Leukemia and Surgery
When it comes to leukemia, surgery has a limited role in treatment. The main reason is that the cancer cells are not clustered together in a single, removable tumor, but rather usually spread widely throughout the body as the blood circulates, making surgical removal virtually impossible. Because leukemia is a systemic condition, the best approach to treatment is usually chemotherapy or biological therapy.
With that said, some types of surgery that may be recommended for a leukemia patient include:
- Placement of a venous access device – The surgical implantation of a plastic tube into a large vein in the chest or upper arm can reduce the need for continual needle sticks for drug injections, blood testing and bone marrow transplants, all of which may be recommended during leukemia treatment.
- Lymph node biopsy – Although it is relatively uncommon for leukemia cells to metastasize to lymph nodes, this can sometimes occur, particularly when the condition transforms into Richter’s syndrome, a type of lymphoma. If a physician suspects lymph node involvement, a lymph node can be surgically removed for evaluation under a microscope.

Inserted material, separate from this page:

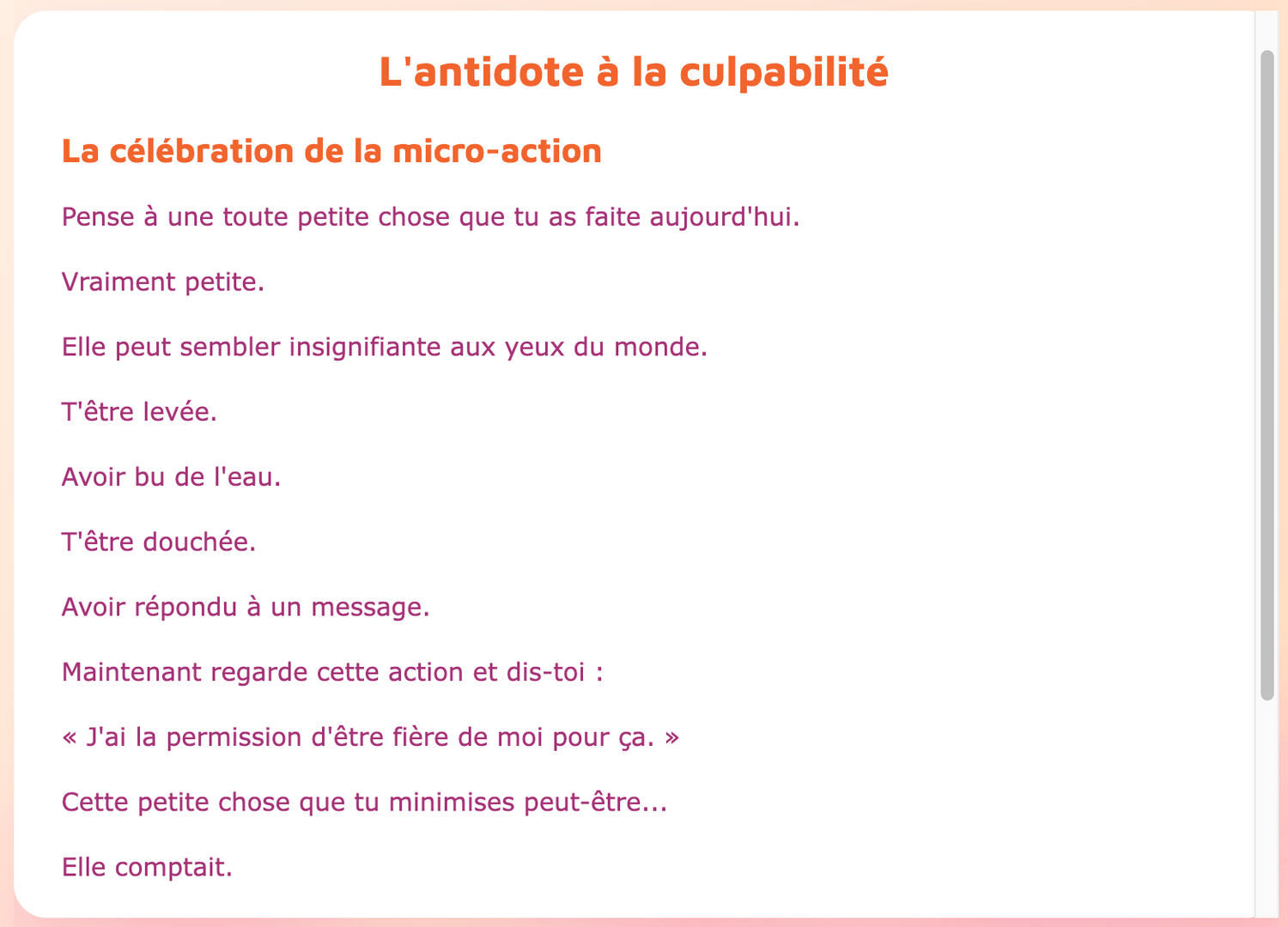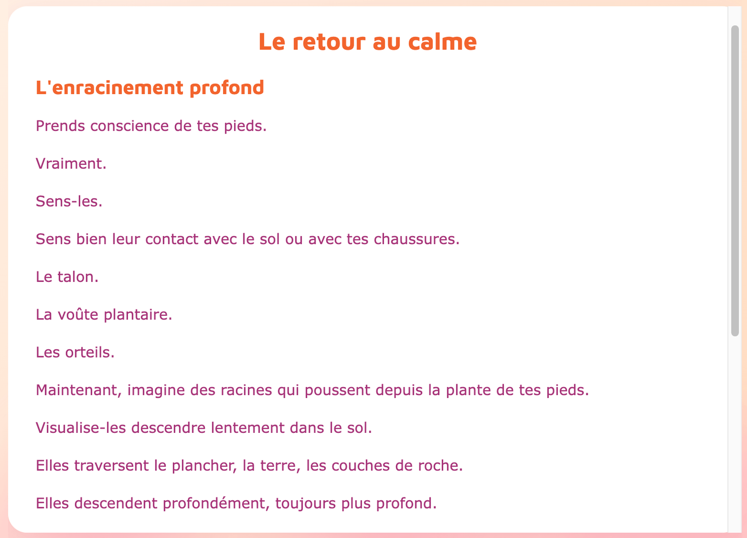 Découvrez nos ressources personnalisées et gratuites selon comment vous vous sentez, là maintenant, pour un soulagement immédiat. Disponible sur ordinateur ou directement depuis votre téléphone.

- Splenectomy – Leukemia can sometimes cause the spleen to become clogged and enlarged with excess tissue, which can lead to pain and impaired function. As a result, as the spleen filters the blood, it can sometimes inadvertently destroy too many red blood cells or platelets, leading to anemia. A splenectomy, or surgical removal of the spleen, can help relieve the symptoms of anemia, including fatigue and shortness of breath.
- Bone marrow transplantation – A bone marrow transplant involves the injection of stem cells into a vein, which can stimulate the production of healthy red blood cells, white blood cells and platelets. By replacing cells that are lost through chemotherapy or radiation therapy, a bone marrow transplant can allow a patient to receive higher and more effective treatment dosages.
Can leukemia be cured completely?
While there is no known “cure” for any kind of cancer, leukemia can be effectively treated, especially when it’s caught early. Research has made significant strides in leukemia treatment over the years, and its survival rate has more than quadrupled since the 1960s. Every patient is different. That’s why Moffitt’s multispecialty team collaborates to create individualized treatment plans for each patient. This ensures that every leukemia patient receives the ideal approach to treatment for his or her circumstances, for the best possible outcome and quality of life.
Moffitt’s approach to leukemia surgery
At Moffitt Cancer Center, our Malignant Hematology Program features a multispecialty team with extensive experience in diagnosing and treating leukemia. Our talented leukemia team consists of oncologists, radiologists, surgeons, pathologists and other cancer experts who collaborate weekly to review each patient’s progress and recommend treatment adjustments. For instance, our team may recommend that a patient consider options available exclusively through our robust clinical trial program. Our researchers and clinicians are continually evaluating new and better leukemia drugs and surgery techniques to ensure that our patients have access to promising new options before they are accessible elsewhere.